William Li, founder, chairman, and CEO of Chinese electric carmaker Nio, recalled his woes at the end of 2019 in a recent interview with CCTV, saying it made sense for investors to choose not to bail out Nio at that time.
Li said he exhausted all possibilities to seek funding in the fourth quarter of 2019 and still failed to find it. "At that point, if any of that money had not arrived or had gone wrong, the company probably would make a headline the next day."
Li says at that time, it made sense from the perspective of a rational investor not to bail out Nio.
"We're already a public company that lost more than RMB 10 billion ($1.5 billion) in 2019. What if we lose another 10 billion yuan in 2020? How much money is enough to keep Nio alive? What's the point if we were just saved for a month or a quarter?"
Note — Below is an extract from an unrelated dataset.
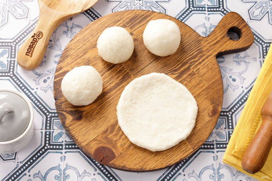 Готовое тесто обомните руками и разделите на 8 частей. Я готовлю небольшие беляши, если любите крупные, то делите на 4 или 6 кусочков. Сформируйте шарики.

Now Nio's share price has risen from the original $1.19 all-time low to $57 on Friday, and its value has reached $89 billion.
Nio today announced data showing that 7,225 units were delivered in January 2021, up 352.1 percent year-over-year and the highest single-month delivery number for the sixth consecutive month.
The delivery consisted of 1,660 units of the new Nio ES8, 2,720 units of the Nio ES6, and 2,845 units of the Nio EC6.
Nio shares rose 3.8% to $59.16 in pre-market Monday.